Although our data provide clear evidence that Fos or FR uptake into infected erythrocytes requires functional NPP, at present we do not know any molecular entity that is involved in this initial entry process. The existence and importance of NPP in Plasmodium (and by comparable mechanisms also in Babesia)-infected cells for the acquisition of many essential nutrients is largely undisputed, however, the exact way this is accomplished and the molecules being involved is much less so (for recent discussions see [36], [37]). The recognition of NPP-specific anti-parasitic compounds in this and other studies [38], [39] may aid in the identification of the molecular make-up of the NPP, for instance by exploiting differential screens of Plasmodium mutants for Fos resistance.

Fos (in combination with clindamycin) is the first anti-malarial drug that successfully completed phase II trials [8] for which specific cell entry via the NPP pathway is shown.
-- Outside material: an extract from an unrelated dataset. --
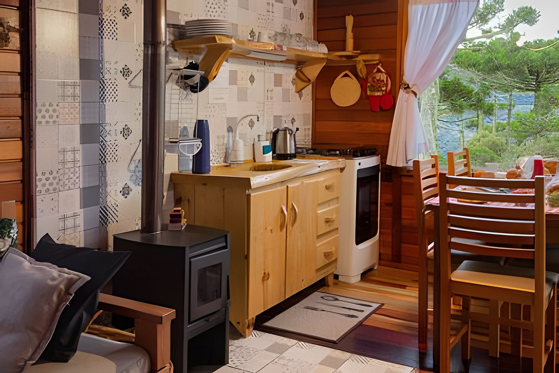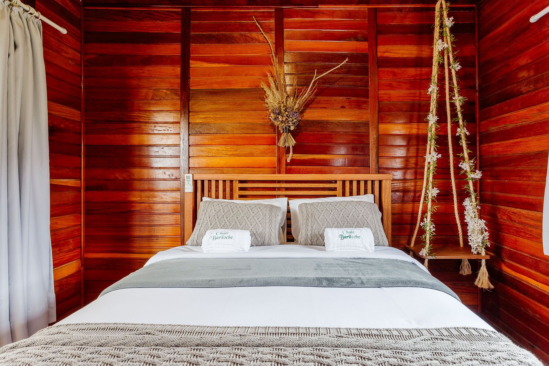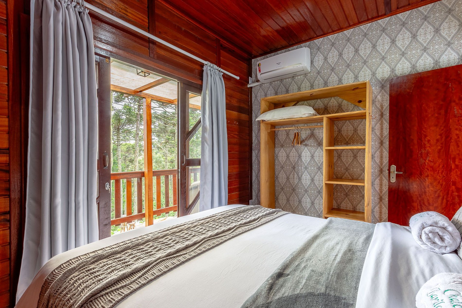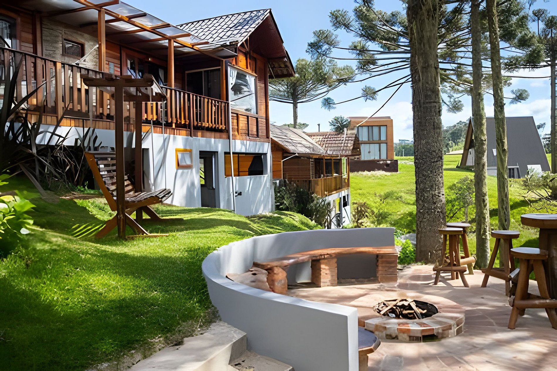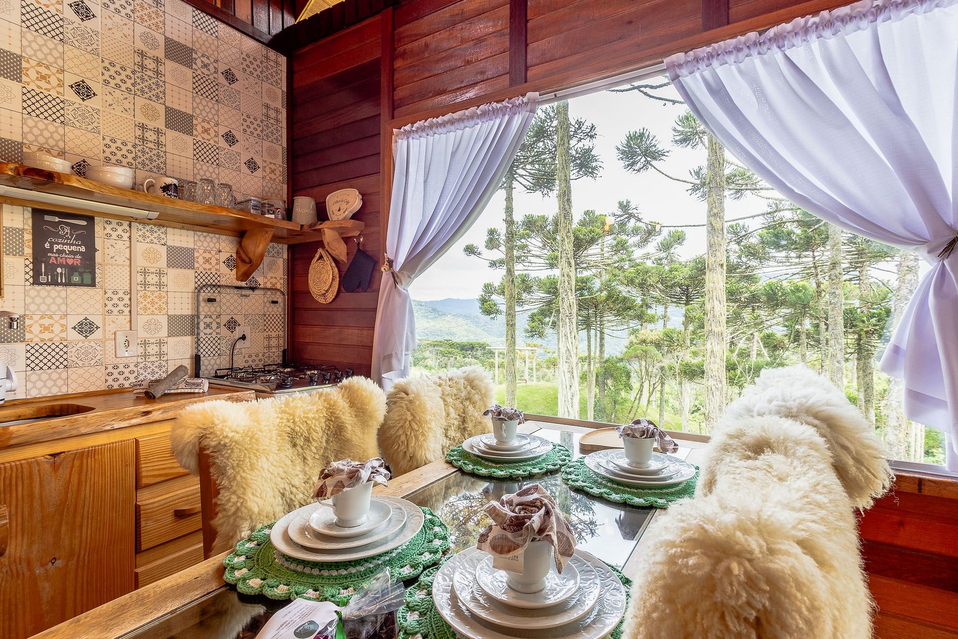 - O Chalé conta com dois quartos, ambos com vista para a natureza, churrasqueira na parte inferior e fogo de chão.

Our findings reinforce the previously suggested concept of exploiting this phenotype for targeting drugs into iRBC [40], [41], [42]. In some parasite lines the development of resistance to antimalarials such as blasticidin and leupeptin has been found to be associated with alterations of a so-called plasmodial surface anion channel (PSAC) [43], [44], indicating the existence of a pathway that involves a parasite-encoded transporter, which may undergo mutations under selective pressure. However, since it is likely that more than a single mechanism constitute what is collectively called NPP [37], it is also possible that in some instances the actual transporter is an activatable host cell protein. In such cases, the chances for resistance development at the point of drug transport should be minimal since there is no selective pressure on the respective host genes. So far experimentally induced resistance against Fos has only been reported to be caused by amplification of the Dxr gene locus [45].

NPP are generally described as transporting a broad range of substrates, with a preference for anions and electroneutral compounds over cations, and with the rate of permeation influenced by size and hydrophobicity of the solute in a number of cases [17]. However, simple correlations between size, charge or hydrophobicity and permeation rates are not apparent, and a combination of different properties could play a role in other cases [46]. Fos and FR are small but very hydrophilic at physiological pH, whereas two other anti-plasmodial compounds (pentamidine; T16) taken up via the same route [38], [39] are larger and much more lipophilic (Table S2). Therefore, predictions of inhibitors that enter iRBC via NPP seem unreliable and instead rigorous experimental testing is required in each case.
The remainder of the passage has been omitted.